In the same way, numberless sentient beings are totally overwhelmed by karma and delusions and have the contaminated seed of disturbing thoughts in their mental continuum. This is why delusions arise and overwhelm them, so that they continuously create negative karma. What sentient beings want is happiness, but this is their nature. They are so pitiful. They themselves have no freedom at all. They are overwhelmed by karma and delusions. They have so many wrong views. They are totally hallucinated.

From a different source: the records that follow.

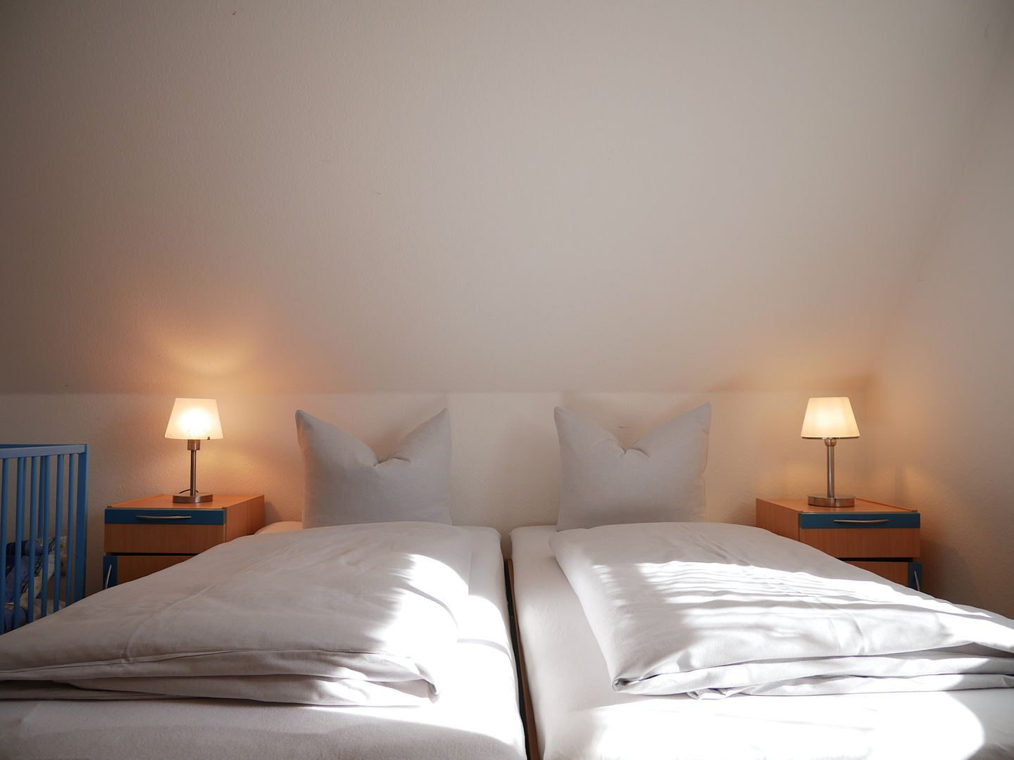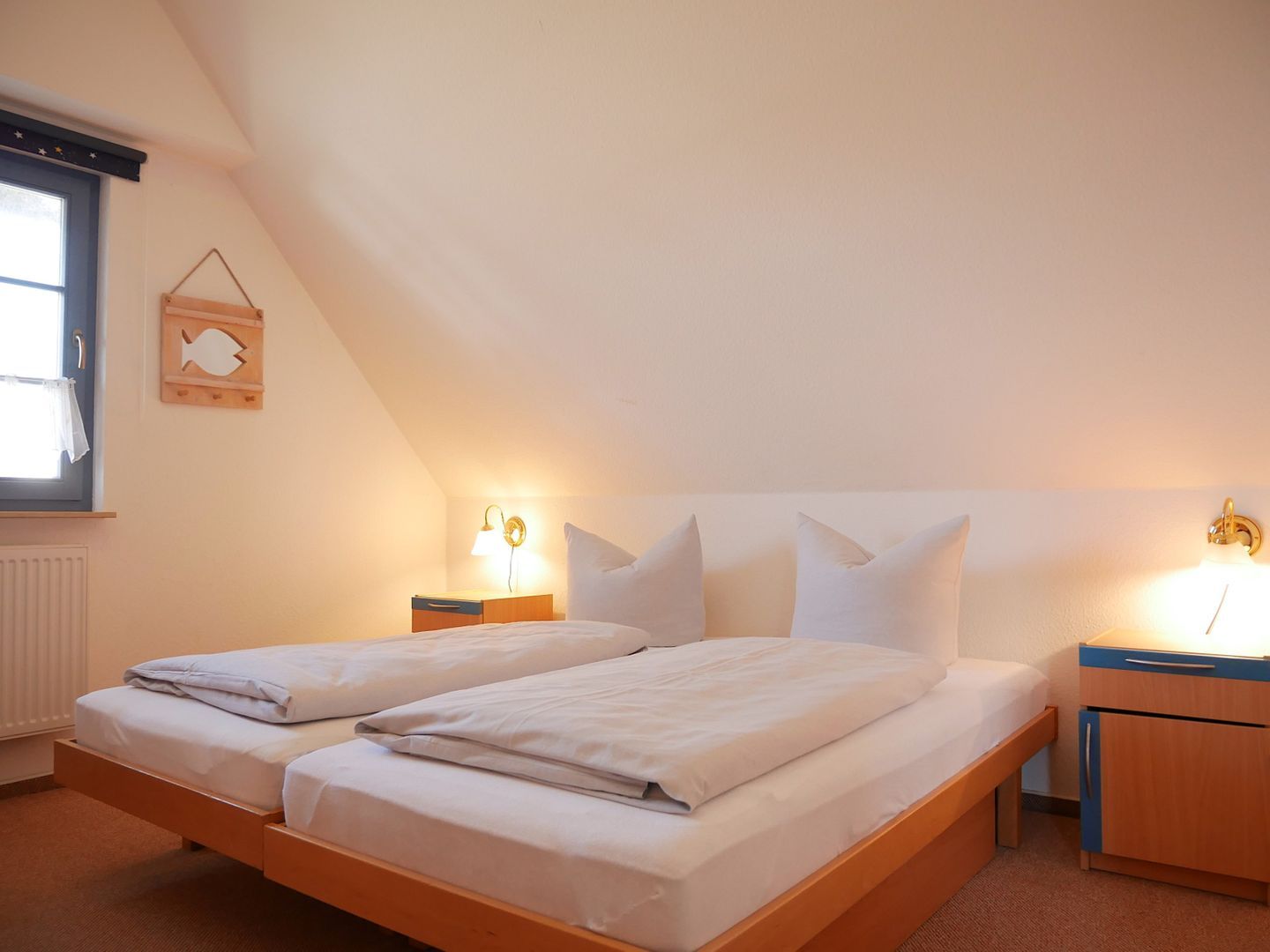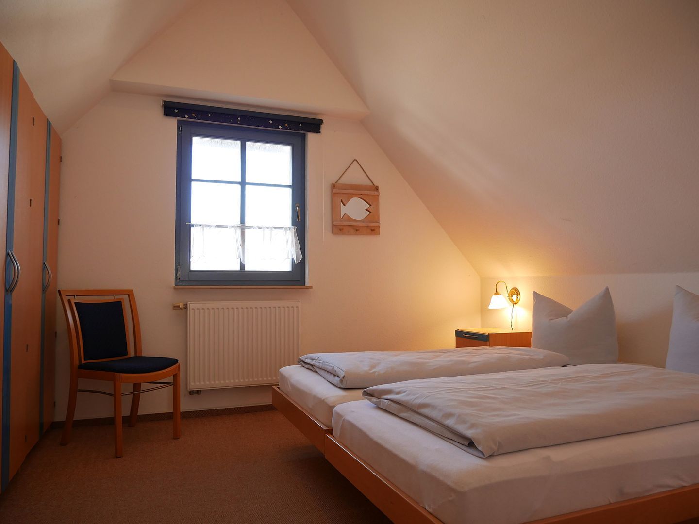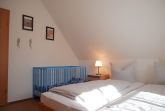 Über eine Treppe gelangen Sie in das Obergeschoss des Hauses. Hier befinden sich zwei separate Schlafzimmer, die jeweils über ein Doppelbett und einen großzügigen Kleiderschrank verfügen. Zwei weitere Personen finden auf der Couch im Wohnzimmer, die zu einem Schlafsofa umfunktioniert werden kann, bequeme Schlafplätze.
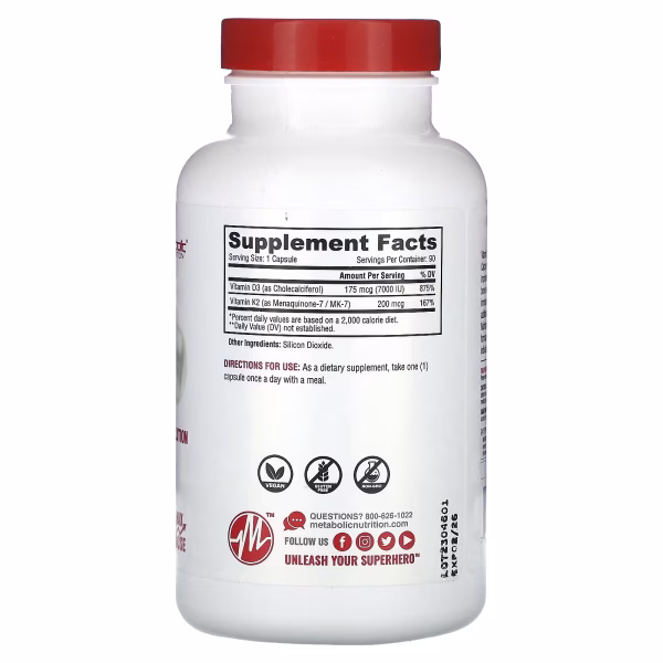 Metabolic Nutrition® Vitamin D3+K2, 90 Capsules
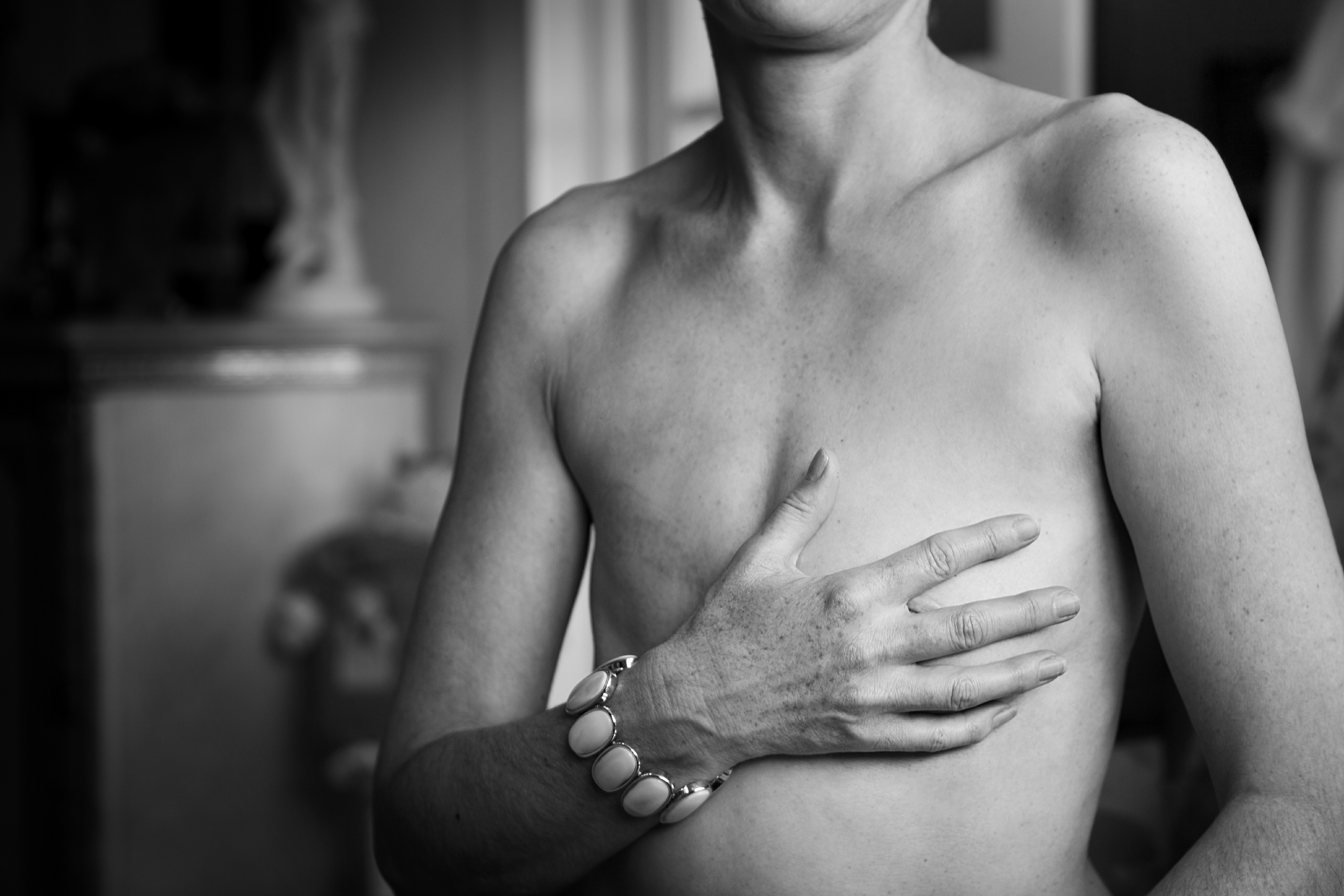 A black-and-white photograph shows a woman’s chest and torso. Her right hand, which wears a bracelet, reaches across her body to cover her chest.
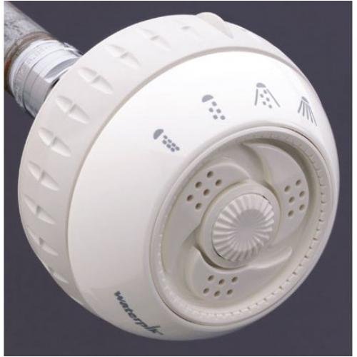 White, Shower Massager, Fixed Mount, 6 Spray/Massage Settings, 124 Spray Channels For Complete Body Coverage, Rubber Control Ring, 5 Year Warranty, Made In The USA.
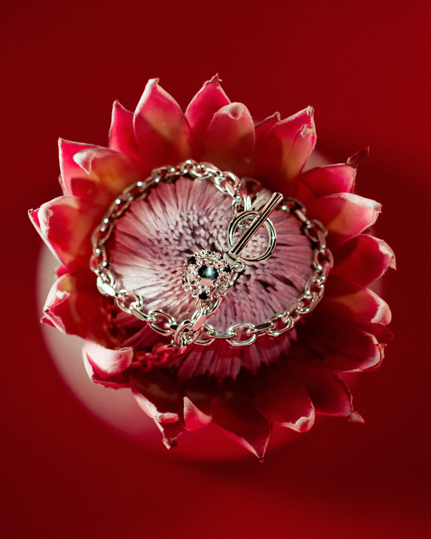 An expression of refined geometry and light. The MHART signature caged sphere is sculpted in solid brass, finished in a vibrant shiny silver, and set with black crystals that shimmer with quiet intensity. The open form captures shadow and reflection in equal measure—an artful play of structure and fluidity.

So, they have been suffering like this from life to life, during time without beginning. During beginningless rebirths they have been suffering this way and they are still continuously suffering. What they want is happiness but they’re ignorant of the cause of happiness. On top of that, they destroy the cause of happiness. Because of ignorance, instead of creating the cause of happiness, they destroy it. They run away from the cause of happiness and create the cause of suffering. They destroy the cause of happiness, merit, like an enemy, and no matter how much they don’t wish for suffering, they keep themselves busy continuously, day and night, creating the cause of suffering. So, that’s how they continuously experience suffering and are devoid of happiness. If they don’t lack temporary happiness, they lack the happiness of future lives; if they don’t lack that, they lack e ultimate happiness, liberation from samsara; and if they don’t lack that, they lack the peerless happiness of enlightenment.

Not knowing the cause of suffering, instead of abandoning it, they continuously run to create the cause of suffering. In this way, they continuously suffer. And sentient beings are the source of all my past, present, and future happiness, all my realizations, up to enlightenment. So, they are the most precious ones in my life. I must free them from all their suffering and its causes and bring them to enlightenment by myself alone. Therefore, I must achieve enlightenment as quickly as possible. Therefore, I’m going to do this nyung-nä retreat for the benefit of all my kind mother sentient beings.

Instantaneous generation

All the lineage lamas absorb into His Holiness the Dalai Lama, who then absorbs into you. You become one; your own mind becomes His Holiness’s holy mind.

It is very satisfying, blissful, in nature. See everything as empty. I, the meditator who is doing the nyung-nä, is empty.

Then instantaneously arise in the holy body of the Great Compassionate One, with one face and two arms.